Для наглядности князь выложил на скатерти крест из двух вилок и двух ножей, сходившихся к судку со специями, который изображал государя.
— Вот это, — Феликс показал на одну из вилок, — семья. Теперь ведь все в сборе…
С началом войны провинившимся великим князьям было высочайше разрешено приехать в Россию. После многолетней заграничной ссылки вернулся государев дядя — отец Дмитрия, великий князь Павел Александрович. Император пожаловал ему чин генерала от кавалерии и сделал своим генерал-адъютантом.

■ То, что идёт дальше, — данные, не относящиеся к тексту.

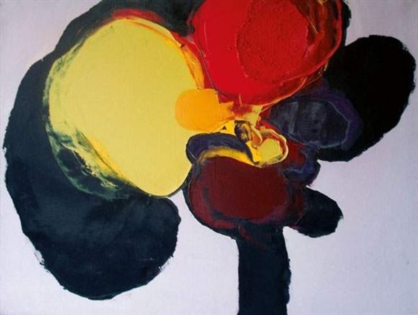 Curator: Here we have "Figure and Flowers," an oil painting attributed to Charles Blackman. It immediately strikes me with a sense of quietude. The muted palette and simplified forms evoke a dreamlike state, don't you think? Editor: The first thing that I notice is that incredibly dense impasto around those flowers! You can practically feel the texture and weight of the paint itself. Was Blackman trying to push oil paint to its sculptural limits here? It certainly deviates from purely representational concerns. Curator: Interesting perspective! I'm particularly drawn to the relationship between the figure and the floral arrangement. The figure, rendered in an almost monolithic blue, stands in profile, gazing intently at the vibrant bouquet. The contrast creates a dynamic tension. The juxtaposition, I believe, alludes to the nature of observation and subjective appreciation, a kind of meta-commentary. Editor: Well, let's consider how those vibrant flowers are made. Looking closely, the thick application isn't uniform—areas of heavier build-up imply repetition, almost rhythmic action from the artist. Given that the paintings are undated, understanding Blackman's method of applying this paint tells us something essential about how and when he made this piece. The blooms, by contrast, aren’t simply "observed" they’re intensely materialized! Curator: You raise an important point regarding method. But I remain captivated by how the abstraction allows the observer a wide interpretive space. One can explore themes like the fragility of beauty, the ephemerality of life itself, and the interplay of presence and absence. Editor: For me, that raw, visible making is less about “beauty” and more a testament to the labour—both the painter's labour and, of course, the implied labour involved in cultivating the flowers themselves, bringing to mind a social, historical context beyond mere “appreciation." Curator: Yes, the visible process of making—the impasto and visible brushstrokes—become powerful signifiers, as if what he wants you to understand is a state of perception beyond visual reality, and, really, feeling over fact. Editor: In essence, it reminds me to look more carefully at the art in front of me rather than immediately assigning cultural meaning, which would risk missing the material underpinnings of that significance.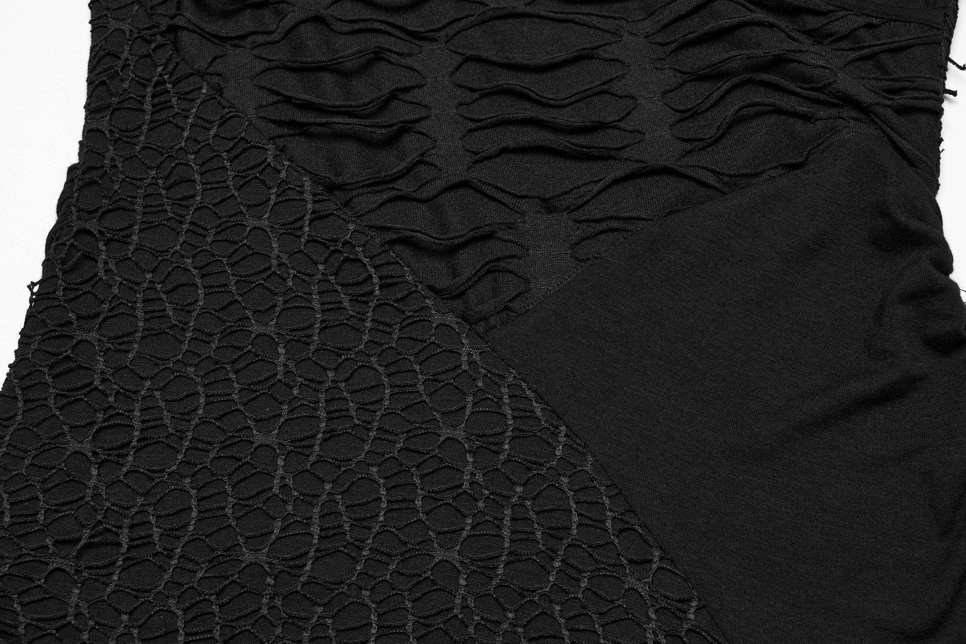 This elegant sleeveless dress from Punk Rave combines elastic knitted fabric with perforated mesh for ultimate comfort and a touch of edge. The sharp deep v-neck adds a sexy touch, while the different fabric splicing design and irregular hem highlight a punk and rebellious personality. Available in black.

Помилования дождался и великий князь Михаил: государь простил ему женитьбу в Австрии на пепельноволосой Наталье Вульферт. Специально для Михаила Александровича из лихих кавказских джигитов создали Дикую дивизию, которой он теперь командовал, наводя ужас на врага.
— Это семья, которая перестала видеть в Ники императора, — жёстко заключил Юсупов. — Потому что сейчас России нужен другой… И не надо на меня так смотреть. Ты сам прекрасно это знаешь! Или не ты ездил его уговаривать?
Первые полтора года войны во главе армии стоял великий князь Николай Николаевич. Он постепенно забирал в руки всё бóльшую власть, распространяя её с фронтов на прифронтовые районы, а потом и глубже в тыл. Дошло до того, что Грозный Дядя, как его прозвали, начал вызывать к себе в Ставку императорских министров для доклада. А то и просто издавал государственные распоряжения, минуя правительство.
Великий князь явно увлёкся, и летом пятнадцатого года император решил сам стать Верховным главнокомандующим, сместив дядю. Об этом узнали в Ставке. Дмитрий Павлович на специальном поезде отправился к Ники, чтобы уговорить кузена одуматься. Семья и высшие офицеры были напуганы: в мировой войне гвардейский полковник — не лучшая замена генералиссимусу.
После обеда они вышли в бильярдную. Государь внимательно выслушал Дмитрия Павловича, потом долго благодарил. Наконец, растроганные до слёз кузены обнялись и отправились в покои императрицы. Не было сомнений, что после прочувствованного разговора всё в войсках останется по-прежнему…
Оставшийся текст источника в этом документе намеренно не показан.